Дематия послала восемь сыновей навстречу фаланге врага, и всех их похоронила под одним камнем. Ни слезинки не проронила она в своем трауре, а сказала лишь это: «О, Спарта, я родила этих детей для тебя».

Как только осознается, однако, что войны не неизбежны, люди перестают идеализировать Дематию, если только они не уверены, что она сделала все возможное для сохранения мира. Для реалистичного поэта войны, такого как г-н Сассун, она скорее объект жалости, чем похвалы. Его сонет «Слава женщин» предполагает, что есть и другая точка зрения, помимо точки зрения Дематии:

Вы любите нас, когда мы герои, дома в отпуске,

Или ранены в достойном упоминания месте.

Вы поклоняетесь наградам; вы верите,

Что рыцарство искупает позор войны.

Вы делаете из нас снаряды. Вы слушаете с восторгом,

Взволнованные рассказами о грязи и опасности.

Вы венчаете наши далекие порывы, пока мы сражаемся,

И оплакиваете наши увенчанные лаврами воспоминания, когда нас убивают.

Вы не можете поверить, что британские войска «отступают»

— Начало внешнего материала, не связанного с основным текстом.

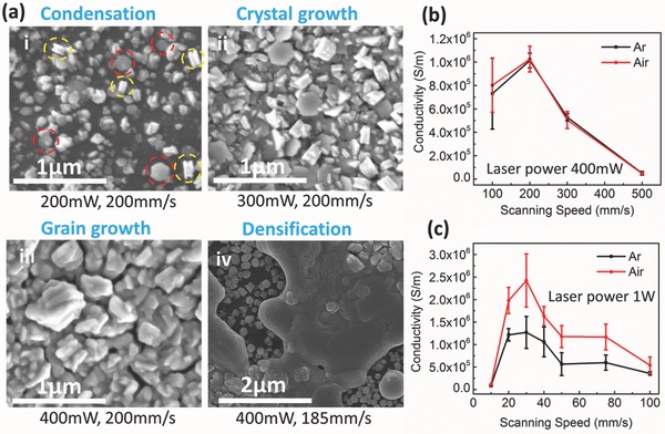 (a)氩气保护下,在Na-CMC上四种不同的打印、烧结方式的扫描电镜图:i 沉积、ii 晶体生长、iii 颗粒生长、iv 致密化;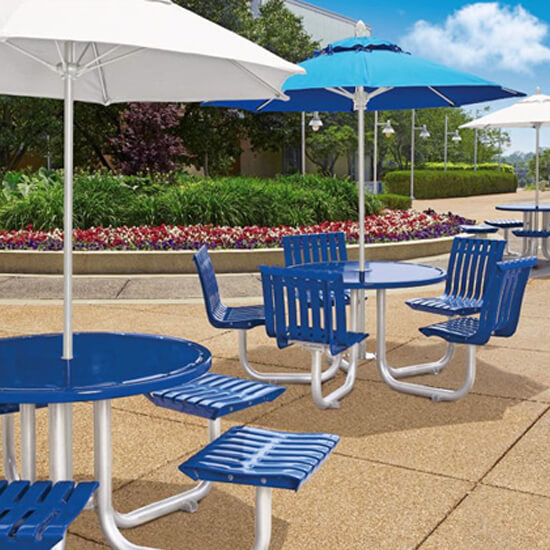 * A thick plastisol coating on seats & table tops mean surfaces remain cool to the touch, even in the hot sun.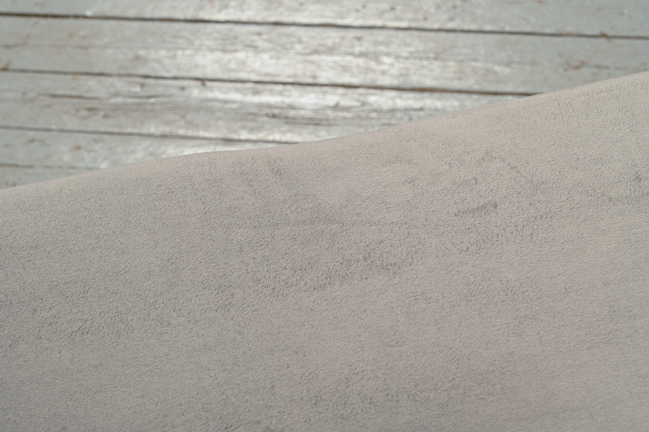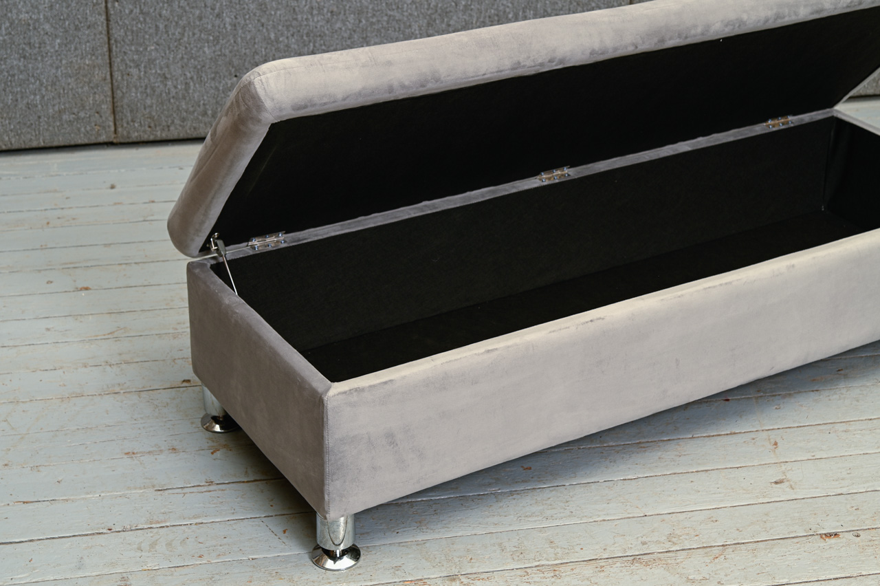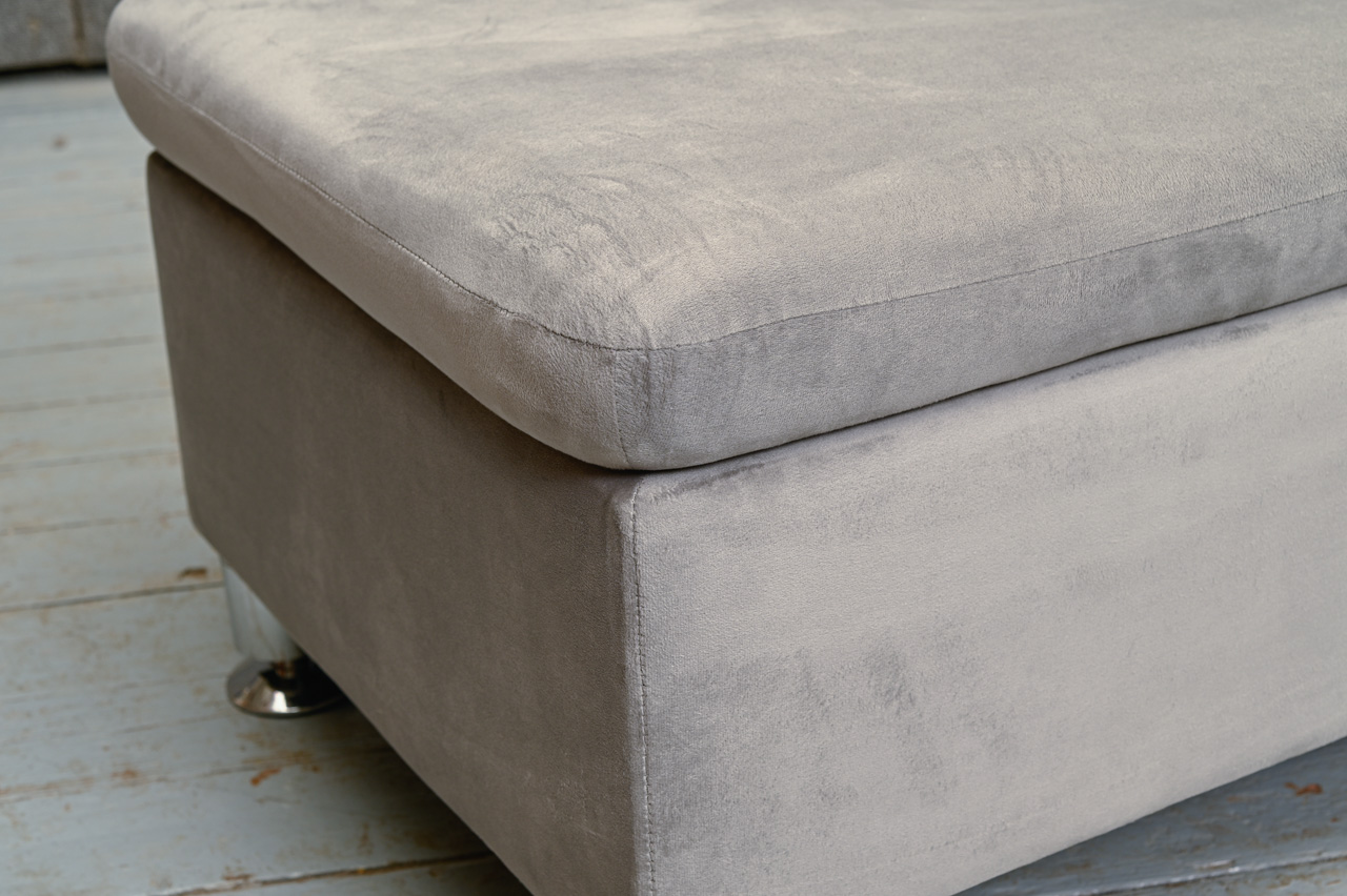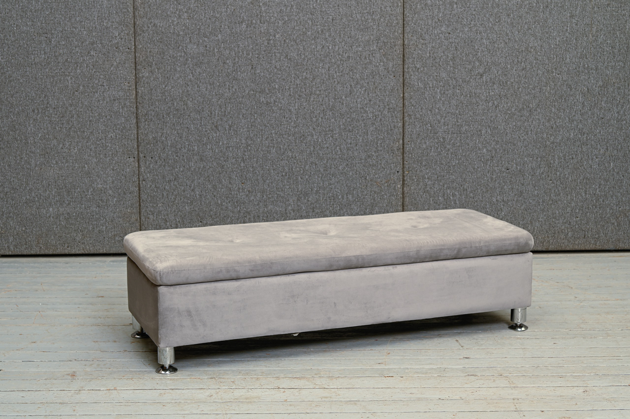 Soliņš uz hromētām metāla kājiņām, tapsēts ar pelēku, samtainu mēbeļu audumu. Zem paceļama sēdvirsmas vāka uzglabāšanas nodalījums. Sēdvirsmas malā putu pildījuma defekts, skatīt attēlā. Nelietots, salikts. Kods 808342.

Когда последний ужас ада ломает их, и они бегут,

Топча ужасные трупы — ослепленные кровью.

О немецкая мать, мечтающая у огня,

Пока вы вяжете носки, чтобы послать сыну,

Его лицо втоптано глубже в грязь.

Для г-на Сассуна и других военных сатириков те, кто остается дома и подстрекает других идти убивать или быть убитыми, кажутся либо жалко глупыми, либо извращенно преступными. Г-н Сассун теперь собрал все свои военные стихи в один том, и поражает энергичная ненависть к тем, кто делает войну в безопасности, которая находит в них выражение. Большинство читателей вспомнят горькую радость сна о том, что однажды он может услышать, как «желтые журналисты хрюкают и визжат», и увидеть юнкеров, изгнанных из парламента вернувшимися солдатами. Г-н Сассун не может вынести энтузиазма тех, кто остается дома, — особенно энтузиазма, который делает вид, что солдаты не только ведут себя как клоуны мюзик-холла, но и неспособны к более ужасным эмоциональным переживаниям. Я полагаю, он хотел бы запретить гражданским лицам шутить во время войны. Его ненависть к шутящему гражданскому лицу достигает страстного выражения в стихотворении под названием «Блайтеры»:

Зал переполнен: ярус за ярусом они ухмыляются

И гогочут на представлении, пока гарцующие ряды

Шлюх визжат в хоре, пьяные от шума;

«Мы уверены, что Кайзер любит милые старые Танки!»

Я хотел бы увидеть, как Танк спускается в партер,

Пошатываясь под рэгтайм или «Дом, милый дом» —

И больше не было бы шуток в мюзик-холлах,

Чтобы насмехаться над изрешеченными трупами вокруг Бапома.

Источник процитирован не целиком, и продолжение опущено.